That will be part of our conversation today, along with how this ties into potential corruption, with Trump battling the idea of an inspector general to oversee the trillions that are being spent. Well, we’ll see what all that means when we talk with Bill Black, who has been a former financial regulator and is now Associate Professor of Economics and Law at the University of Missouri, Kansas City and a frequent Real News contributor and author of The Best Way To Rob a Bank Is To Own One. Bill, welcome back. Good to have you with us.

Bill Black: Thank you. Good to be here.

Marc Steiner: There’s a lot of complexity to this for people when they read it, and I think that part of it is we live in this country where quote-unquote states’ rights is supposed to be the bellwether for who we are as a people. And for years, it was a good argument for why we shouldn’t end the enslavement of Africans and many other things. But talk about this in terms of this bailout now. Clearly, the Republicans and many people in Congress do not want to bail out state and local governments, and other people have been saying if they don’t do this, we’re in danger of having a real economic turndown. So talk a bit about what your analysis is here.

Bill Black: Sure. This isn’t really an issue of state right, it’s about state fiscal capacity versus federal fiscal capacity. States and local governments do not have sovereign currencies. They can’t run long-term deficits. They are constrained the way households are constrained. They usually have statutory limits as well and sometimes constitutional limits about raising debt. And when there is an enormous, great recession, the states and localities are absolutely pounded into laying off workers at the times when we most want to be spending in the public sector, which is why it makes enormous sense for the federal government, which does have a sovereign currency, to provide large amounts of money to states.
Now, that makes sense in any recession, but on top of that, we have a president of the United States who has decided it’s going to be the states’ responsibility to respond to one of the biggest health crises we’ve had in our lives, the coronavirus epidemic, saying, “It’s not me. I take no responsibility for it. I’m not going to provide the funding. And I’m going to compete against you in trying to get protective equipment, the testing and such.” It’s just insane in these circumstances. Obviously, it’s the equivalent of an unfunded mandate, where the federal government says, “You, the states, will do this, but we ain’t going to provide no money.” And that’s always wrong, but at a time of a massive recession that is going to bankrupt the states, that is utterly insane.
Except that of course it isn’t, because this is all about politics, which is to say the most radical Republicans want leverage over the states to say, “I don’t care whether it’s safe or not, you’re going to reopen this economy and try to make it possible for Trump to be reelected in November. And the only way we’re going to be able to keep this pressure on your most precious parts is if we don’t give you money.” And therefore, as a deliberate policy, the states are being extorted by Mitch McConnell and of course the president of the United States.
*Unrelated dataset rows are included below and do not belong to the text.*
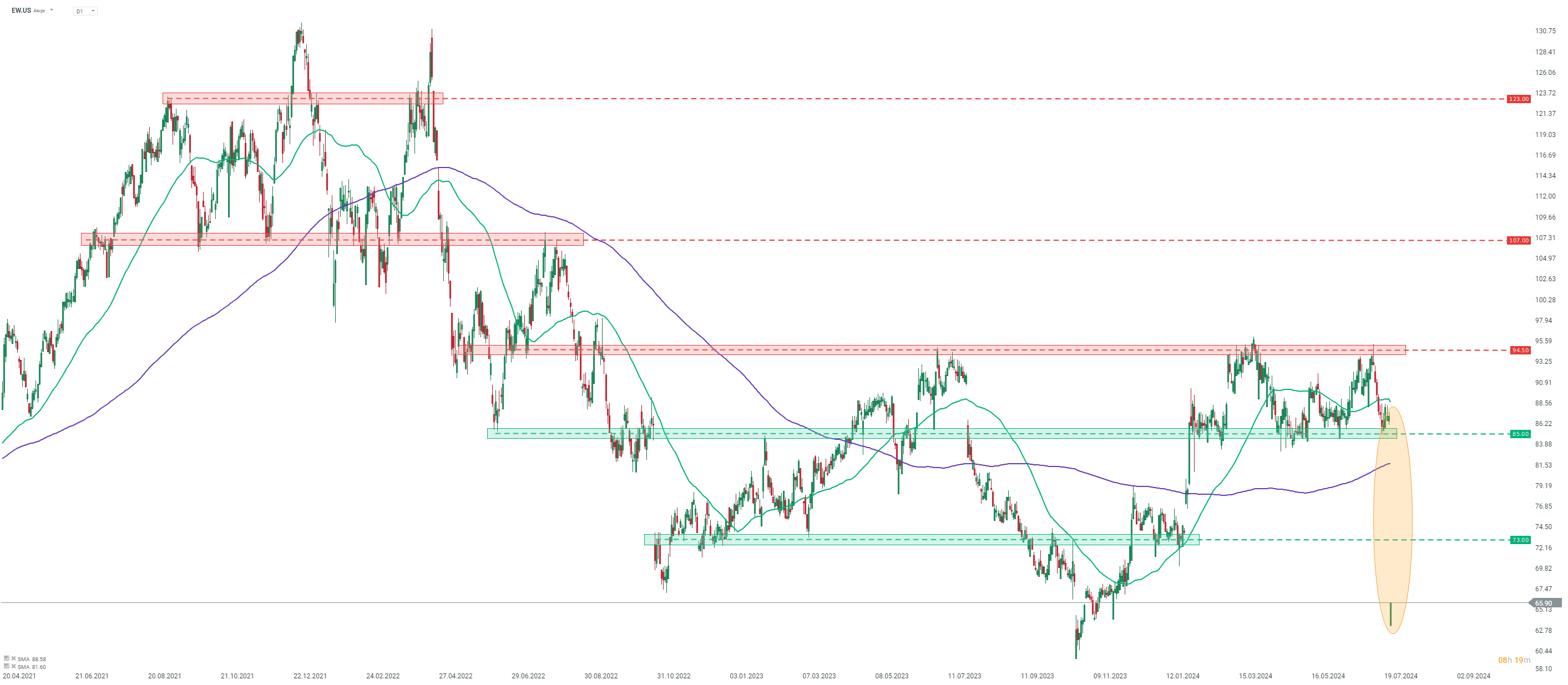 Edwards Lifesciences (EW.US) slumped after big Q2 sales miss. Company launched today's trading around 25% lower and trades at the lowest levels since November 2023. Source: xStation5
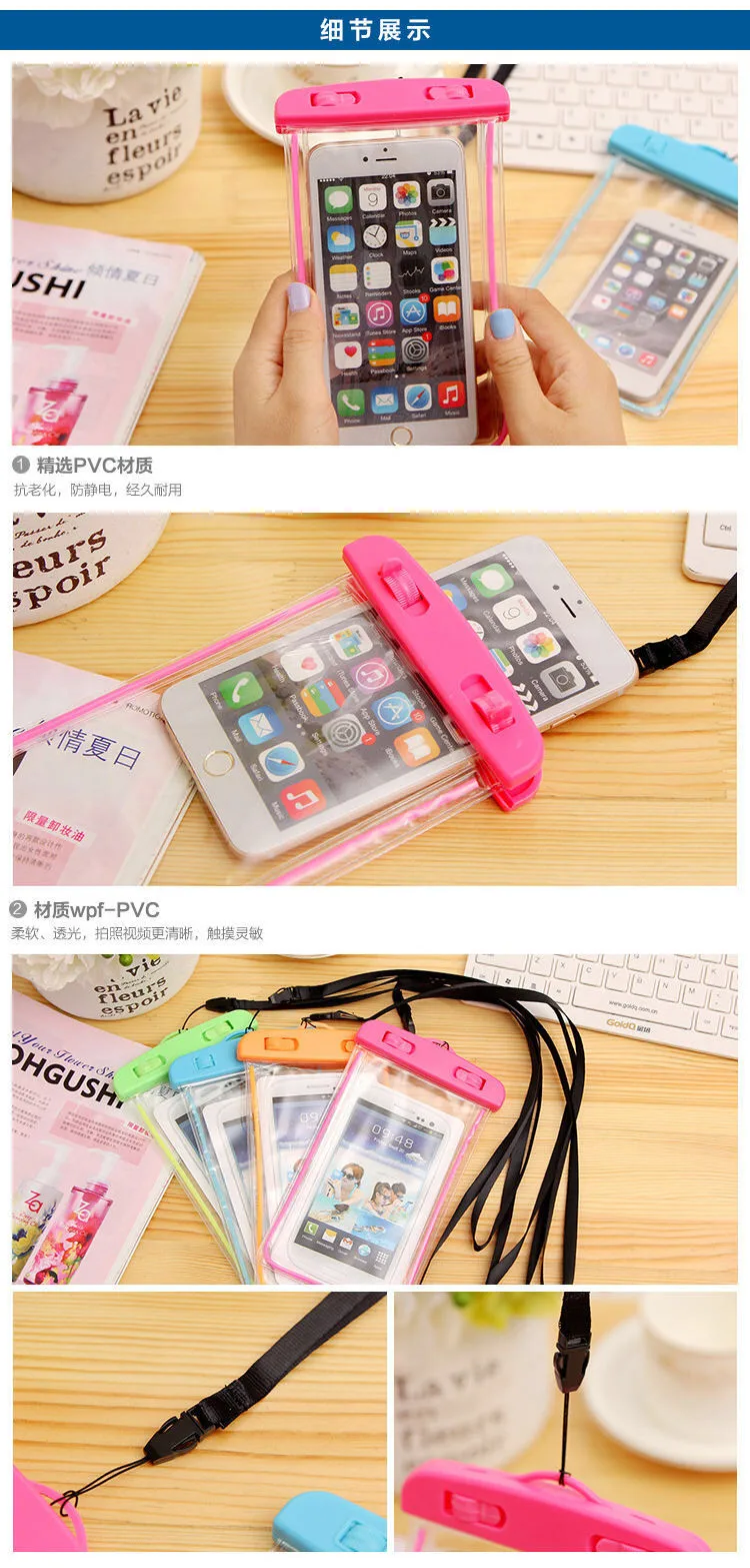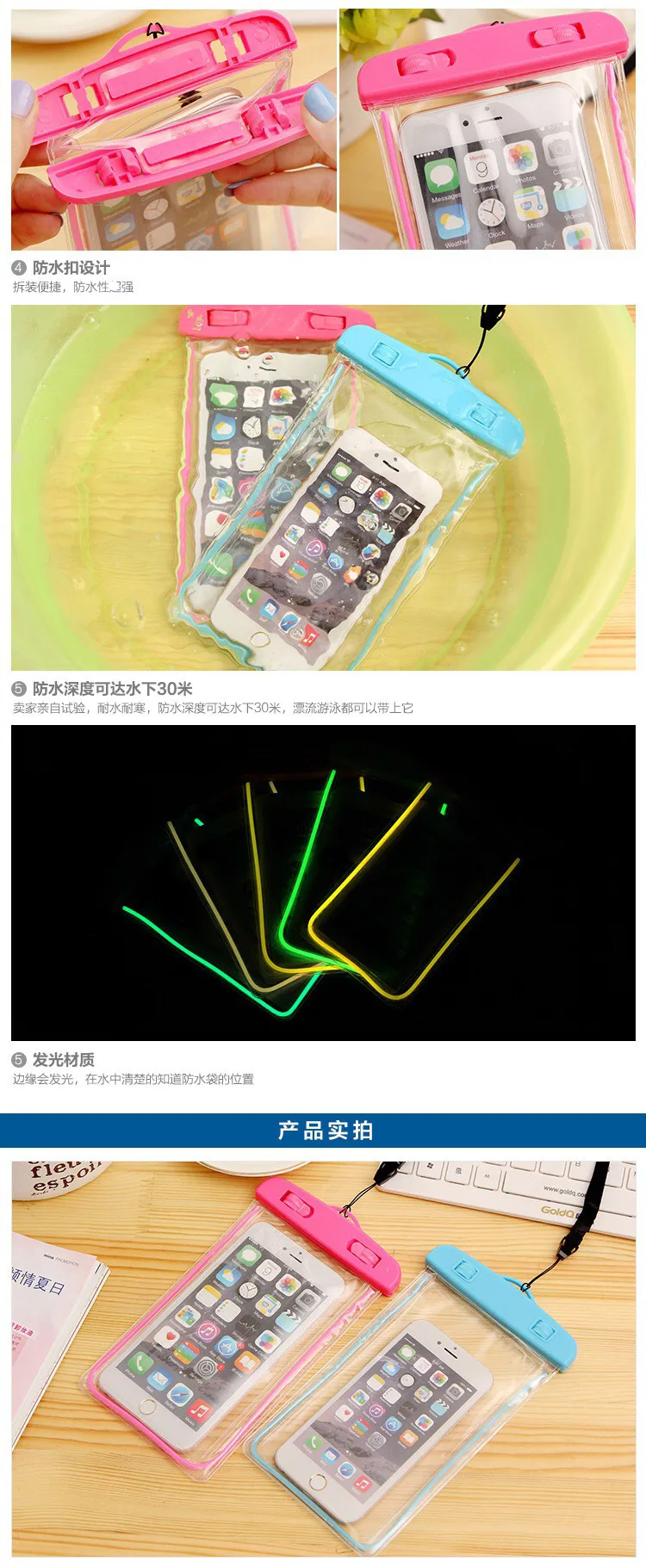 Светящиеся сумки для плавания, прозрачный водонепроницаемый чехол для плавания для всех сотовых телефонов размером менее 6 дюймов
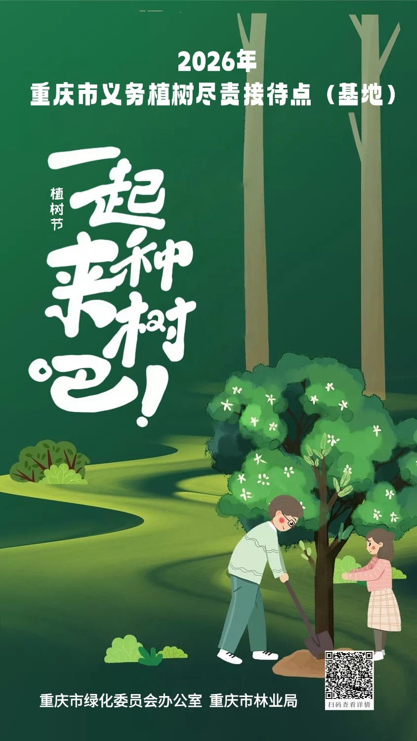 春意渐浓,植绿正当时。义务植树是每一位公民应尽的责任,也是共建山水之城、美丽之地的具体行动。重庆市义务植树尽责接待点(基地)已向社会开放,涵盖各区县植树尽责点位,为市民群众就近参与植树尽责提供便利。诚邀广大市民朋友积极行动起来,走进身边的尽责点,履行植树义务,参与国土绿化,以实际行动为重庆添一片新绿、增一分生机,共建共享绿色家园。
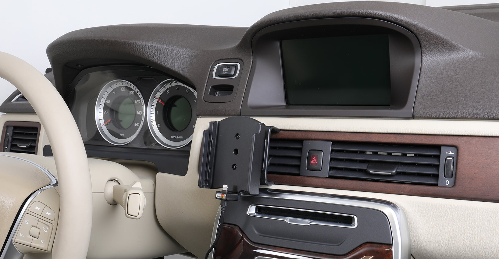 A tartó csuklóval van felszerelve, így állíthatósága miatt elkerülhetjük a fényvisszaverődést. Könnyen válthat a függőleges és vízszintes pozíciók között a tartó elfordításával. 17°-ban billenthető és 360°-ban forgatható. A szerelőlap 42x50 mm és 4 előfúrt AMPS furattal rendelkezik. Kiváló minőségű fekete ABS és Acetal műanyagból készül Svédországban. ProClipre szereljük fel.
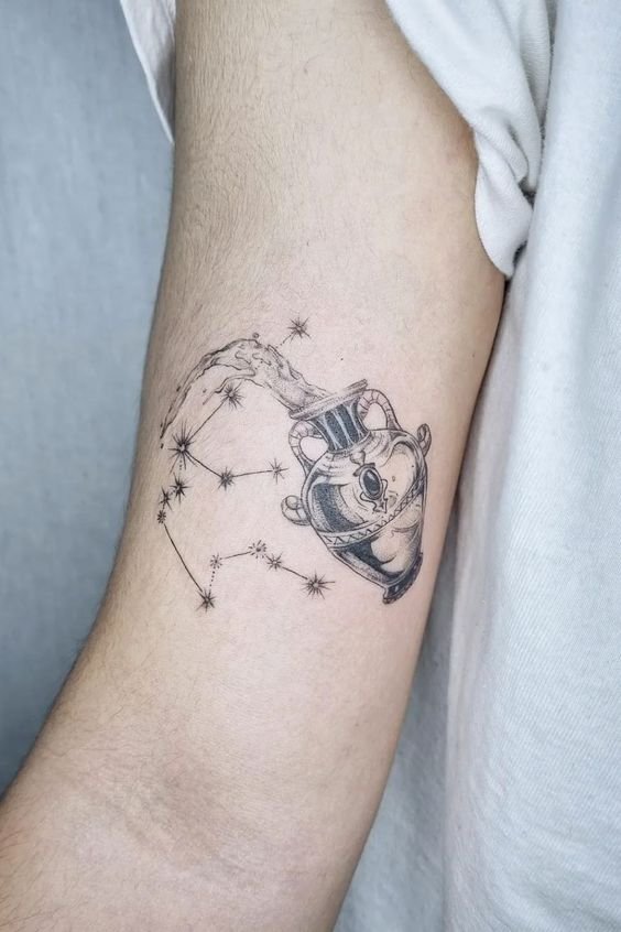Серед найпопулярніших елементів для тату знак зодіаку Водолій виокремлюють наступні:
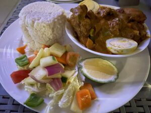 こちらの写真の左上の白い食べ物がウガリです。確かにそれ自体に味はありませんが、料理と一緒に食べると白いご飯のような感覚で食事ができて、おなかにもたまる、まさに主食です。レストランでは、お米のライスまたはウガリをチョイスできます。
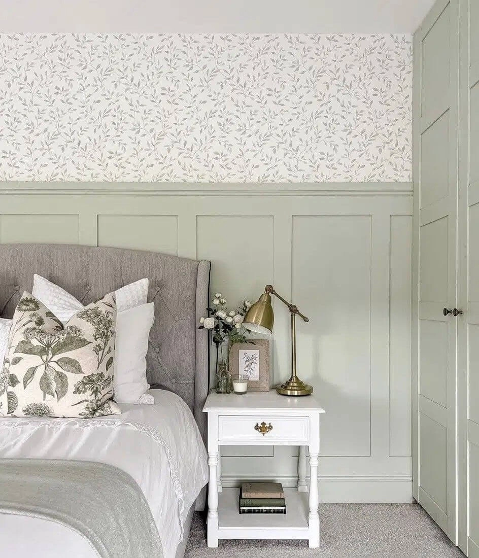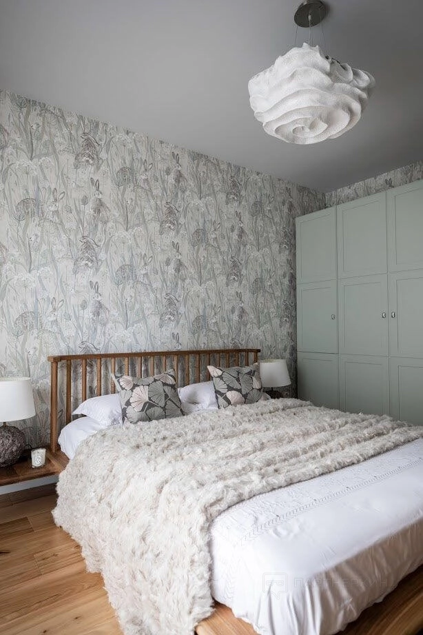Традиционно акцентные обои в спальне используют для оформления стены у изголовья кровати или напротив неё. Но есть и более смелый вариант: оклеить все стены яркими обоями, комбинируя их с панелями в нижней части.
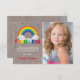 Rustikale Kinder Geburtstagsparty Dankeschön Karte mit einem magischen Regenbogen, ein Foto des Geburtstagsmädchens oder eines Jungen, verstreuten bunten Sternen und ein Dankeschön, das für alle personalisiert sein kann, die geholfen haben, Ihren besonderen Tag zu feiern.
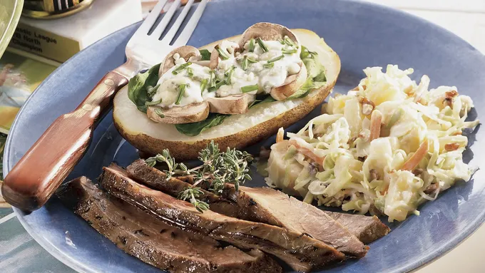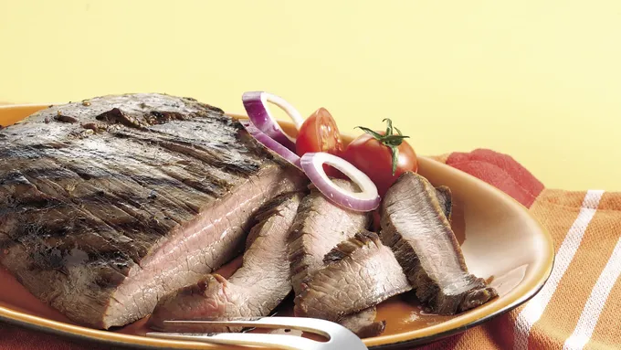 Tender-tangy round beef steak marinated in seasoned red wine before it's grilled makes a mouth-watering meal!
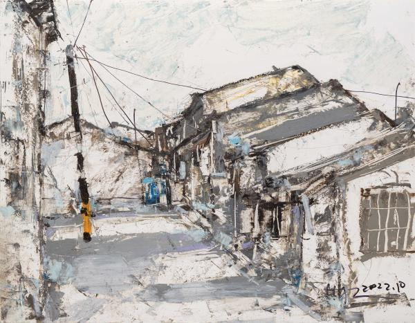 刘曼文画中的灰色,主观写意地表现了她对江南水乡、古镇的情感。王琨在用固体油画颜料作画时,充分地发挥了这些特性。田卫平的拙味和骆根兴的洒脱也正是基于固体油画颜料自由、任性、可随意发挥的特点。杨参军把固体颜料画在灰色纸上,犹如画油画时打底一般。殷雄用固体油画颜料稳稳地表现了油画颜料那种一丝不苟的色调。迟连城把固体油画颜料涂成彩色线条,如同速写般画下古镇。王嵬和谢森用固体油画颜料在纸上表现了油画的效果。李向阳把固体油画的灰调淋漓尽致表现了出来。沈雪江用固体油画颜料表现了套色版画的效果,发挥了它纯色的作用。

Marc Steiner: So you have a situation where we’re broadcasting here, Maryland, where Governor Larry Hogan, who is a Republican, had to negotiate with the South Korean government and businesses separately just to get the equipment he needs and swabs for the hospitals and medical care here in Maryland. That’s an example of how this is playing out. And then Jordan Weissmann, who covers economics and public policy for Slate, his quote was, “We’re going to face a repeat of ’09-’13 where state-level austerity contributes to a lingering depression if we don’t fund state and local governments.” So how real is that?

Bill Black: That’s absolutely real. They’ll going to have to lay off hundreds of thousands of people at the worst possible time, adding to the recession. It is absolutely insane. But on top of this, when we put almost the entire response to the epidemic on the states and say, now we’re going to greatly increase your responsibilities because we’re going to try to do a cold opening to the economy, where you have to do all the testing, you have to do all the contact tracing and such, that requires tons more people at a time when you’re going to be firing or laying off hundreds of thousands of people at the state and local levels.
Now, that’s insane for all of us, and we can’t protect ourselves against what Kentucky does or Tennessee does or something. Kentucky actually has a rational governor at the moment, but you know, not a number of these other states. As you say, it’s not entirely along partisan lines. Ohio has a perfectly reasonable governor on these things as well. But there are a whole group of governors who aren’t going to take responsibility, are going to say, “I’ve got no money to do it. I’ll just open the economy. Trump wants me to do that.”
And more to the point, again, people move across state lines. So it can’t work this way, and the only point at which the Democrats have leverage is now. They can’t go, “Oh, well we’ll just trust the Republicans to come back and provide for the State of New York.” Donald Trump and Mitch McConnell have been giving the biggest F you to New York and New York City for months, and this Democratic belief that somehow this is all going to change and kumbaya is nuts.
I take you back to Romney, the now supposed sainted Romney, the only Republican who stand out, who, when he was behind closed doors with his richest owners, said, “My job is to not worry about the 47% of the nation that didn’t pay income taxes.” So that’s the most responsible Republican at the national level saying this. The Democrats have to use their leverage now. Similarly, they have to use their leverage now because you know, the Democrats were shocked, shocked that when they passed the prior bailout bills, Trump immediately decided to gut the inspector general defenses.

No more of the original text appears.